Matrix Multilateralism - Megatrends, the SDGs, and Implications for the FutureLogin Subscribe now
John W. McArthur is a Senior Fellow in the Global Economy and Development Program at the Brookings Institution, and a Senior Advisor at the UN Foundation. You may follow him on Twitter @McArthur
THE MOST important thing to recognize about today’s “multilateral system” is that it is no longer a singular system. Instead, it is an interwoven system of systems. In 2016, this distinction forms a crucial backdrop for two key reasons. First, the international community will soon select a new UN Secretary-General, long seen as the leading figure among official multilateral actors. This person will take office at a pivotal moment in the course of global collective action. Second, and relatedly, this year marks the first implementation year of the Sustainable Development Goals (SDGs), which all 193 UN member states recently established as part of the ambitious UN 2030 Agenda for Sustainable Development. If the SDGs are to have any hope of being achieved, new approaches to multilateral cooperation are needed urgently.

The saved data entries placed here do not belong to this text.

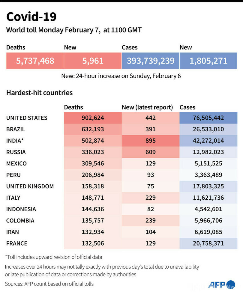 【2月7日 AFP】AFPが各国当局の発表に基づき日本時間7日午後8時にまとめた統計によると、世界の新型コロナウイルスによる死者数は573万7468人に増加した。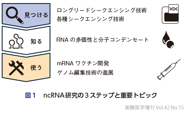 いま,ノンコーディングRNA(ncRNA)研究が再び熱を帯びてきている.ノンコーディングRNAの研究というよりも,RNA研究全体が大きな熱を帯びた転換期を迎えつつある,と言ったほうがよいかもしれない.一般に,遺伝子を中心とした分子生物学の研究は,「見つける」,「知る」,「使う」,の3つの段階を踏みながら発展していくものであるが,ncRNA研究界隈では,過去5年ほどの間に,そのすべてのステップにおいて大きな出来事があった(図1).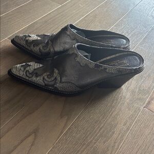 Step out in style with these chic black and gray mules. Perfect for any occasion, these shoes offer both comfort and elegance. Barely worn.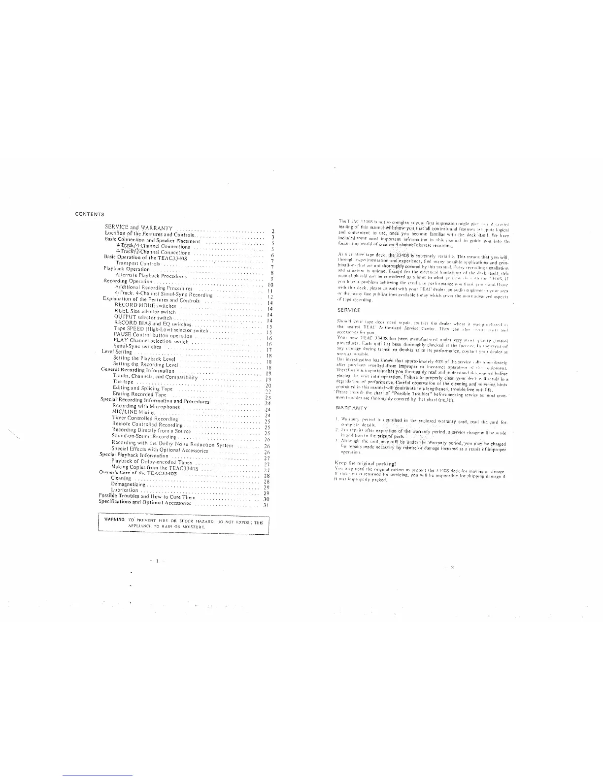 Teac 3340S - Service and Warranty Information; Service Procedures; Warranty Details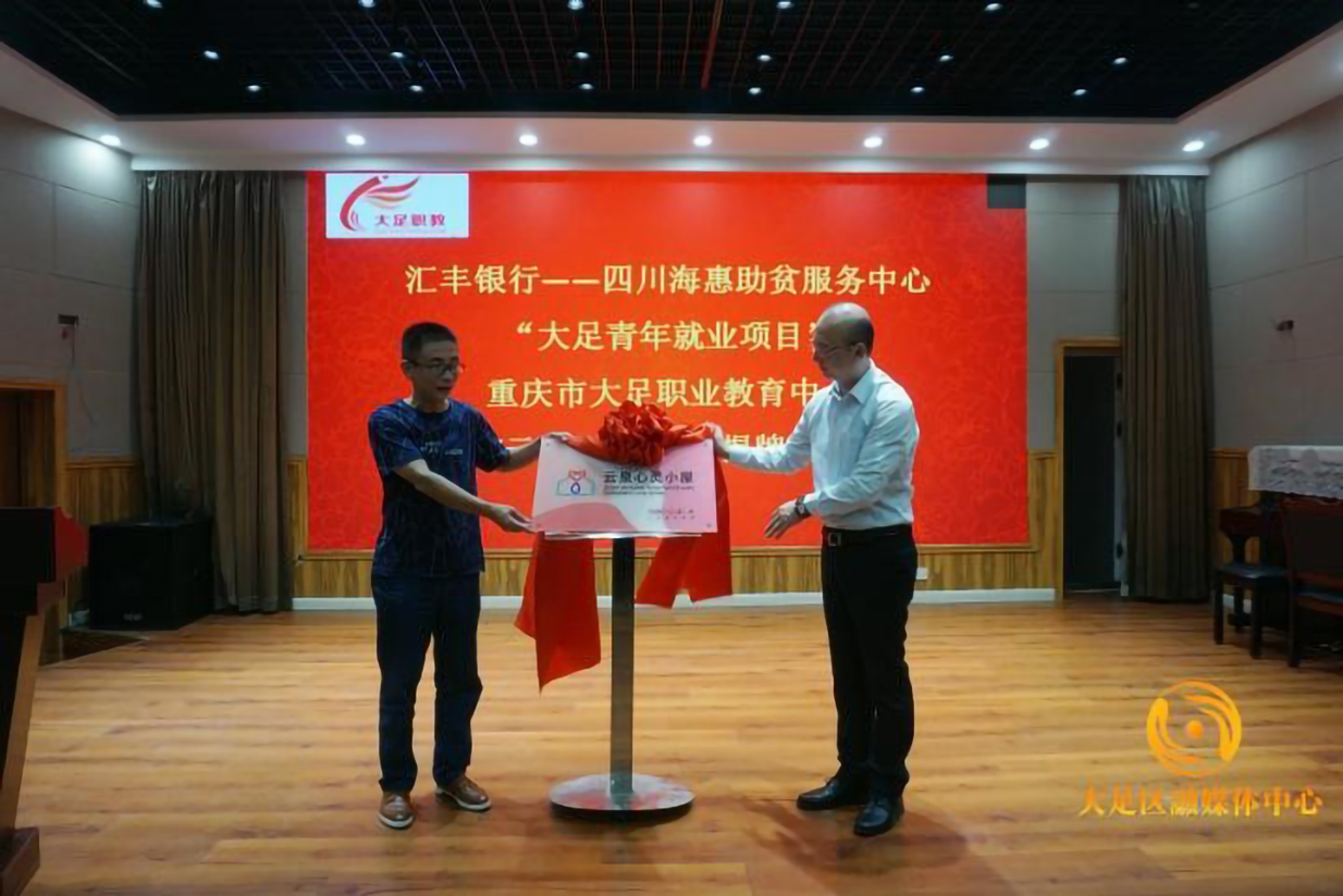 掌上大足讯(记者 邓小强)9月24日,大足区汇丰村镇银行携手四川海惠助贫服务中心实施“大足青年就业项目”,在大足区职教中心举行“云泉心灵小屋”揭牌仪式。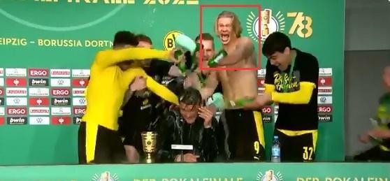 赛后主帅泰尔齐奇在新闻发布会也没能逃过多特众将的啤酒“袭击”,上身赤裸的哈兰德表情狰狞。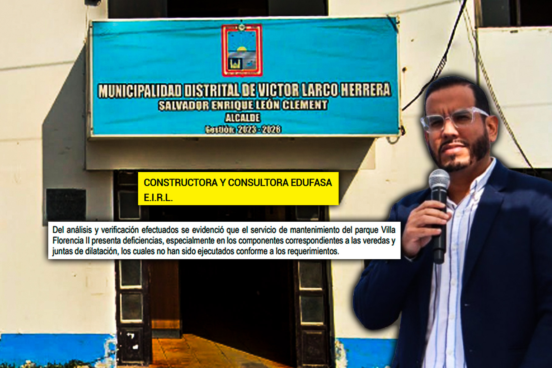 La Contraloría reveló deficiencias en el servicio de mantenimiento del parque Villa Florencia II, valorizado en más de S/ 37mil, que ejecutó la empresa Constructora y Consultora Edufasa, en la Municipalidad Distrital de Víctor Larco, liderada por el alcalde Enrique León Clement.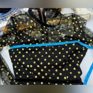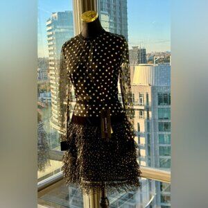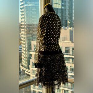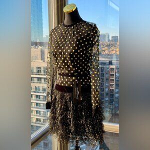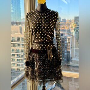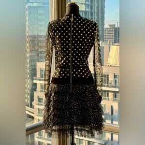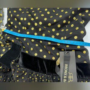 T'is the season for this adorable Bronx & Banco Suns Mini Dress. Crafted from black mesh with a sparkly gold glitter dot overlay, this dress features long sleeves, and is fitted at the bust and waist, before flaring out with an adorable black mesh tulle fringe that bears the glitter dots to match. With velvet trim details, this dress is lined from the bust.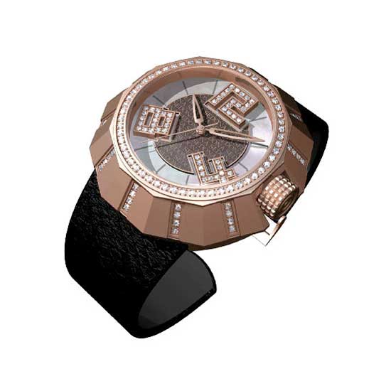 This men's watch stands out from the rest with its unique, fashionable and charming appearance. Its case is designed in a distinctive shape with sparkling stone elements. The dial comes with 3 Arabic numbers which is also adorned with shimmering stones.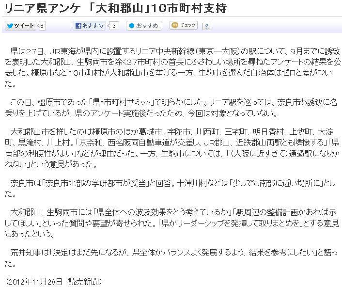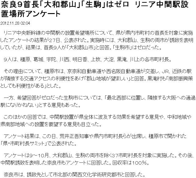 今日は曇後晴。10/18に、奈良県が、県内の市町村に対し、リニア新幹線の中間駅に関するアンケートを行った事に触れた。産経[1]·読売[2]·毎日[3]によれば、結果が公表された模様。産経[1]は、橿原、葛城、宇陀、川西、明日香、上牧、大淀、黒滝、川上の9市町村が大和郡山市を支持する一方、生駒市への支持は0としている。筆者は、生駒市に隣接する自治体からは賛意が来るかもしれないと思っていたが、結果は大きな差だ。ところが読売[2]は、大和郡山市を支持したのは三宅町を加えた10市町村としている。そこで毎日[3]を当たってみると、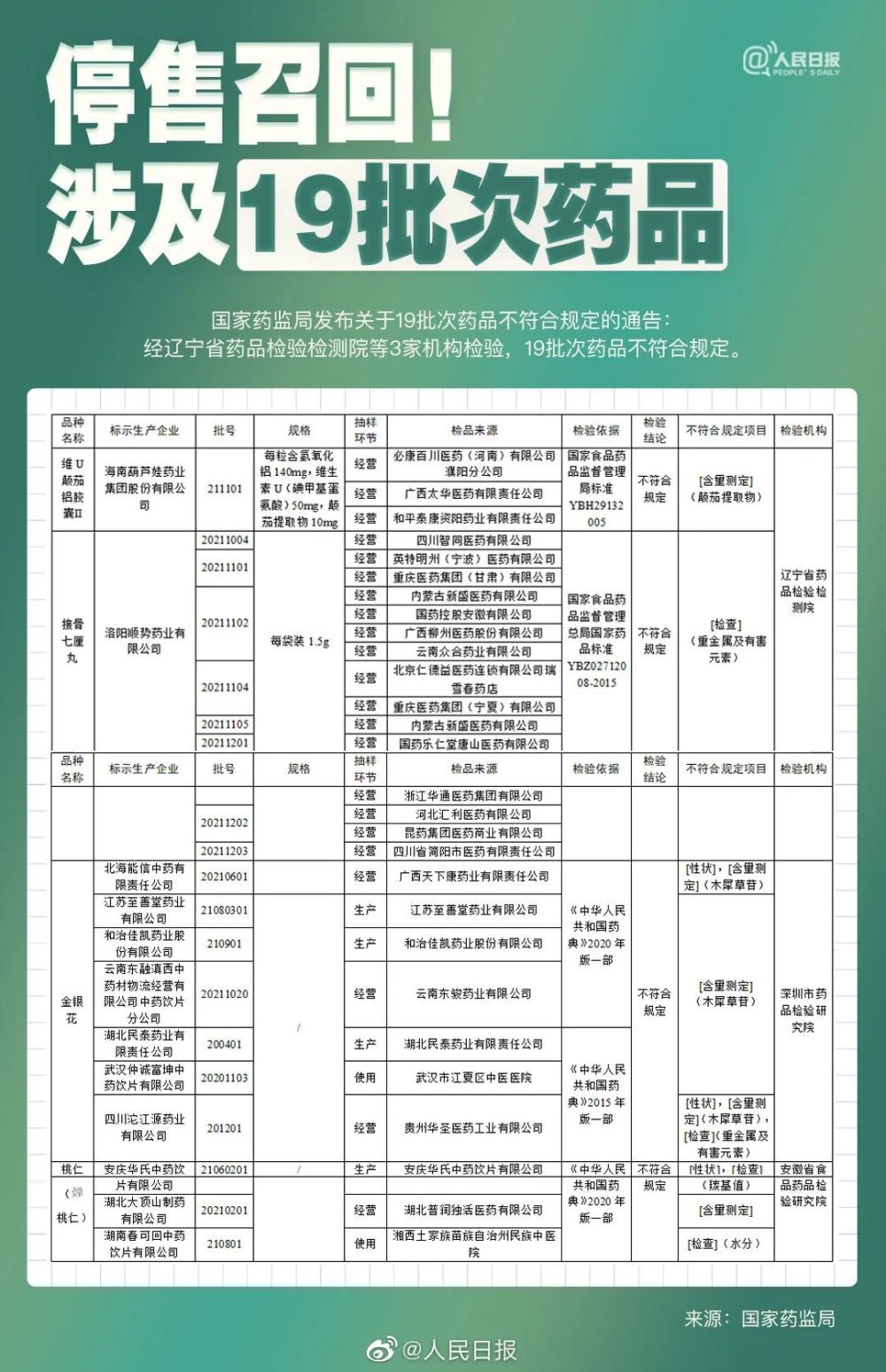 19批次药品停售召回

As a political consensus, the SDGs serve as shorthand for the current global agenda—promoting peaceful prosperity and sustainability, while tackling inequalities and exclusion. These are common priorities for all countries. Concurrently, as a policy construct, the SDGs pull together 17 disparate academic, industry, public sector, and civil society constituencies like no agenda ever before.
For the new Secretary-General, the challenge will be to figure out how to support global efforts so that all the relevant constituencies can make the necessary progress at the same time. This is a daunting task, one that can best begin with recognition of the deep tectonic shifts underway in the world’s economic, social, and environmental systems. It then requires a basic mapping of the various kinds of ongoing efforts that aim to address frontier challenges. This context is essential for charting a needed strategy that can bridge gaps and spur coalitions forward.
Any global policy leader taking office in 2017 will face a profoundly different operating context than their recent predecessors. As I have written elsewhere, along with Margaret Biggs of Queen’s University, Eric Werker of Simon Fraser University, and other colleagues, the first megatrend to keep in mind is the rise of so-called “developing economies” and the corresponding rebalancing of global power.